7. Execute Simulation
Purpose: Run the configured experiment.
Example:
from larvaworld.lib import reg
from larvaworld.lib.sim import ExpRun
# Load base experiment config and (optionally) override fields (env, agents, screen)
exp_params = reg.conf.Exp.getID("chemotaxis").get_copy()
# exp_params.env_params = env_params
# exp_params.larva_groups = larva_groups
run = ExpRun(experiment="chemotaxis", parameters=exp_params, duration=0.2, screen_kws={})
# Execute
run.simulate()
# Access results
dataset = run.datasets[0]
print(dataset.e.head()) # endpoint data
Configuration Registry
Larvaworld uses a configuration registry (/lib/reg/) to manage templates:
Registry Structure
lib/reg/
├── stored_confs/ # Predefined configurations
│ ├── sim_conf.py # Experiments, environments
│ ├── data_conf.py # Reference datasets
│ └── model_conf.py # Larva models
├── conf.py # Configuration classes
└── generators/ # Generators (EnvConf, LabFormat)
Accessing Configurations
from larvaworld.lib import reg
# Experiments
exp_conf = reg.conf.Exp.getID("chemotaxis")
# Environments
env_conf = reg.conf.Env.getID("arena_200mm")
# Models
model_conf = reg.conf.Model.getID("explorer")
# Reference datasets
ref_dataset = reg.loadRef(id="exploration.30controls", load=True)
Complete Example
from larvaworld.lib import reg
from larvaworld.lib.sim import ExpRun
# 1) Start from an existing experiment template
exp_params = reg.conf.Exp.getID("chemotaxis").get_copy()

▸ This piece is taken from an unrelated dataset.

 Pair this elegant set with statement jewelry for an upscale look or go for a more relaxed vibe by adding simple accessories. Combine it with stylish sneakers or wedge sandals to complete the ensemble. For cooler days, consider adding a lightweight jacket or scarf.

# 2) Customize environment (start from a predefined arena template)
env_params = reg.conf.Env.getID("arena_200mm").get_copy()

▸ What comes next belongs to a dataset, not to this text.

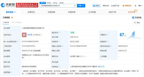 天眼查App显示,2月3日,上海觅蜂具身智能科技有限公司成立,法定代表人为姚卯青,注册资本500万人民币,经营范围包括人工智能应用软件开发、智能机器人的研发、人工智能基础软件开发等,由智元机器人关联公司智元创新(上海)科技股份有限公司、上海蜂合睿力科技合伙企业(有限合伙)共同持股。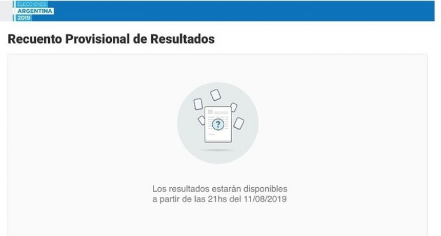 El ministro de gobierno de la Nación, Rogelio Frigerio, en conferencia de prensa confirmó que no se difundirán los primeros datos del escrutinio de hoy, hasta que no se haya cargado el 10 por ciento de los votos de las cuatro jurisdicciones establecidas por la Justicia Electoral, Ciudad y Provincia de Buenos Aires, Córdoba y Santa Fe

if env_params.odorscape is None:
from larvaworld.lib import util
env_params.odorscape = util.AttrDict()
env_params.odorscape.update({"odorscape": "Gaussian", "grid_dims": (51, 51)})
if env_params.food_params is None:
from larvaworld.lib import util
env_params.food_params = util.AttrDict()
if not getattr(env_params.food_params, "source_units", None):
env_params.food_params.source_units = {}
env_params.food_params.source_units["banana_patch"] = {
"pos": (0.02, 0.0),
"radius": 0.005, # 5 mm
"amount": 3.0,
"odor": {"id": "banana", "intensity": 2.0, "spread": 0.02},
"color": "yellow",
"regeneration": False,
}
exp_params.env_params = env_params
# 3) Customize agents (larva groups keyed by group_id)

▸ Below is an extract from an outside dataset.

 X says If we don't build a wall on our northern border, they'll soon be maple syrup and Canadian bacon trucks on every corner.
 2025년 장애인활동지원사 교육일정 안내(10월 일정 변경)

exp_params.larva_groups = reg.gen.LarvaGroup(mID="navigator", N=10).entry("navigator")
# 4) Configure simulation + execute (headless quick run)
run = ExpRun(experiment="chemotaxis", parameters=exp_params, duration=0.2, screen_kws={})
run.simulate()
# 6. Analyze
dataset = run.datasets[0]
dataset.preprocess(filter_f=3.0)
dataset.process(proc_keys=["angular", "spatial"])
# See :doc:`../visualization/plotting_api` for plotting examples.